Thursday, August 18, 2011

Dalih Burung Kesembilan


Seekor burung lain berkata pada Hudhud, “O burung termulia, aku hamba si jelita yang telah menguasai diriku dan membuat aku kehilangan pikiran. Bayangan wajahnya yang manis ialah pencuri di Jalan yang agung itu; dia telah membakar panenan hidupku, dan bila aku terpisah daripadanya, tak sejenak pun aku merasa tenteram. Karena hatiku menyala dengan gairah nafsu, aku pun tak tahu bagaimana aku dapat menempuh perjalanan ini. Aku harus melintasi lembah demi lembah dan menempuh seratus percobaan. Dapatkah aku diharapkan akan meninggalkan si jelita ini untuk pergi menempuh panas yang menghanguskan dan dingin yang pedih? Aku terlalu lemah untuk pergi tanpa dia; dan aku hanya debu di jalannya. Begitulah keadaanku. Apa dayaku?”
Hudhud menjawab, “Kau terikat pada apa yang tampak di mata saja, dan akibatnya, menderita dari kepala hingga kaki. Cinta berahi ialah suatu permainan. Cinta yang ditimbulkan oleh kecantikan yang sepintas dengan sendirinya cepat berlalu pula. Kau senantiasa membandingkan tubuh dari darah dan nafsu dengan keindahan bulan.
Apakah yang lebih buruk dari tubuh yang terjadi dari daging dan tulang-tulang? Keindahan sejati tersembunyi. Maka carilah itu, di dunia yang tak tampak di mata. Jika cadar yang menyembunyikan kerahasiaan ini dari pandangan matamu luruh, maka tak ada lagi yang tinggal di dunia ini. Segala bentuk yang kelihatan akan menjadi tak berarti.”

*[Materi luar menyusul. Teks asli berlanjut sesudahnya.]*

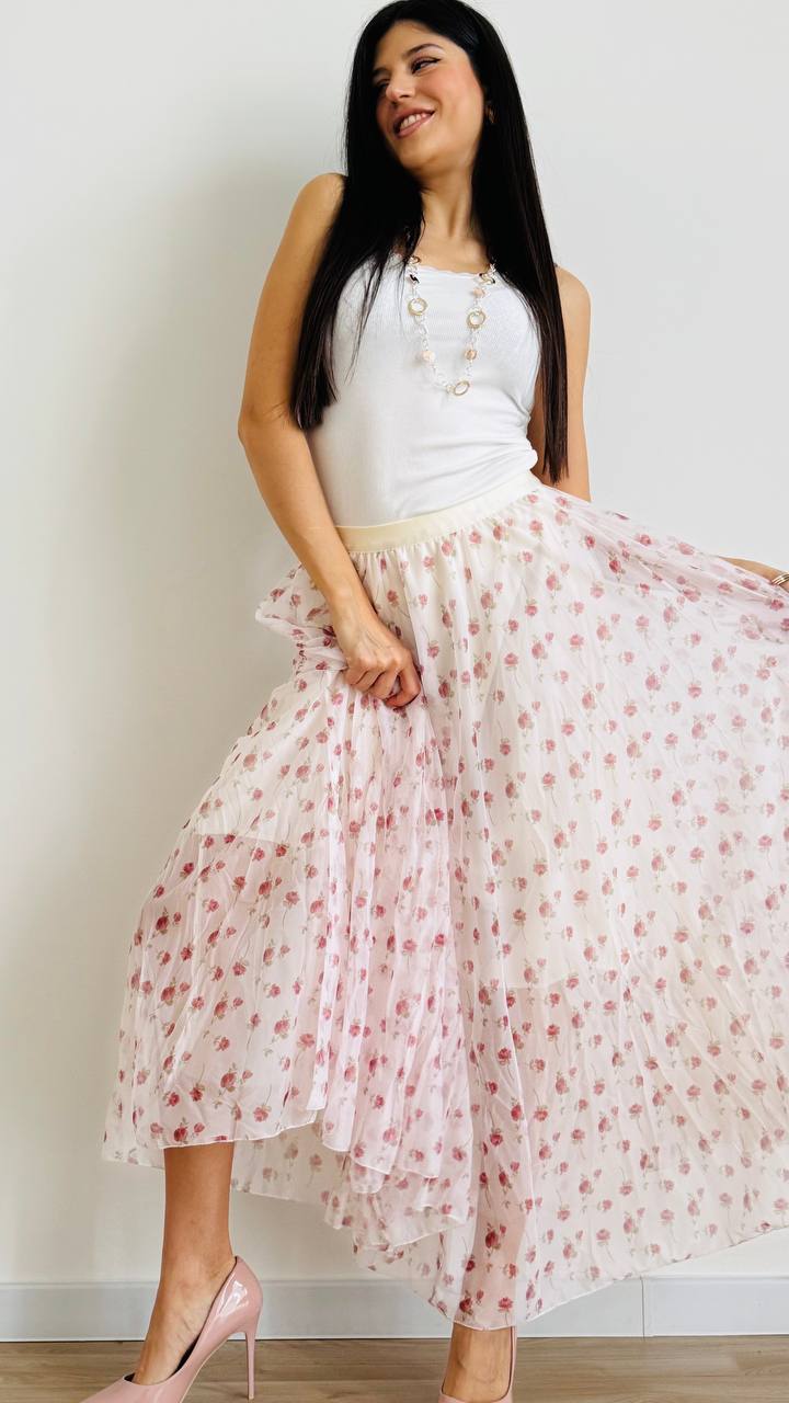 Gonnellone lungo in tulle fantasia foderato con vita elasticizzata. Taglia unica consigliata fino alla 46.

Cerita Kecil tentang Syabli

Seorang laki-laki datang mendapatkan Syabli pada suatu hari sambil menangis. Sufi itu bertanya padanya, mengapa menangis. “O Syaikh,” katanya, “aku mempunyai sahabat yang keindahannya membuat jiwaku sehijau ranting-ranting di musim semi. Kemarin, ia meninggal, dan aku pun mau mati pula rasanya karena duka.” Syabli berkata, “Kenapa kau bersedih? Sekian lama kau telah memilikinya sebagai sahabat. Kini pergilah dan cari sahabat lain, sahabat yang tak akan mati, maka tak akan ada lagi sebab yang membuat kau bersedih. Keterikatan akan sesuatu yang fana hanya akan mendatangkan duka.”

Saudagar Kaya

Seorang saudagar yang kaya akan barang-barang dan uang mempunyai sahaya perempuan yang manis bagaikan gula. Namun demikian, ia memutuskan pada suatu hari untuk menjualnya. Tetapi sebentar saja ia pun mulai merasa kehilangan dia. Dalam kerinduannya, ia pun pergi ke pemiliknya yang baru dan memintanya agar melepaskan sahaya itu, lalu ia menawarkan seribu keping emas untuk menebusnya. Tetapi pemiliknya yang baru itu tak mau berpisah dari si sahaya. Maka saudagar itu pun keluar, dan dalam kebingungan katanya, “Ini salahku sendiri, karena telah menjahit bibir dan mataku; dalam kerakusanku aku telah menjual kekasihku seharga sekeping emas. Saat itu hari buruk bagiku ketika aku mendandaninya dengan pakaiannya yang terbagus dan membawanya ke pasar untuk kujual dengan keuntungan yang banyak.”
Setiap nafasmu, yang menakar hidupmu, ialah sebutir mutiara, dan setiap zarrah dirimu ialah penunjuk jalan kepada Tuhan. Berkah sahabat ini meliputi dirimu dari kepala hingga kaki. Jika kau benar-benar mengindahkan dia, bagaimana dapat kau menunjang perpisahan?

Cerita Kecil tentang Hallaj

Ketika mereka hendak menusuknya dengan tombak, Hallaj hanya mengucapkan kata-kata ini, “Aku Tuhan.” Mereka potong tangan dan kakinya, hingga ia pun menjadi pucat karena kehilangan darah. Kemudian pergelangan tangannya yang sudah buntung itu ia usapkan ke wajahnya sambil berkata, “Tak perlu aku kelihatan pucat hari ini, karena jika demikian, mereka akan mengira bahwa aku takut. Akan kubuat mukaku merah sehingga apabila si orang terkutuk yang telah melaksanakan hukuman itu berpaling ke tiang gantungan, ia akan melihat bahwa aku seorang pemberani.’
Ia yang makan dan minum dalam bulan Juli bersama naga berkepala tujuh itu akan bernasib amat buruk dalam permainan demikian, tetapi tiang gantungan akan merupakan sesuatu yang amat tak berarti bagi dia.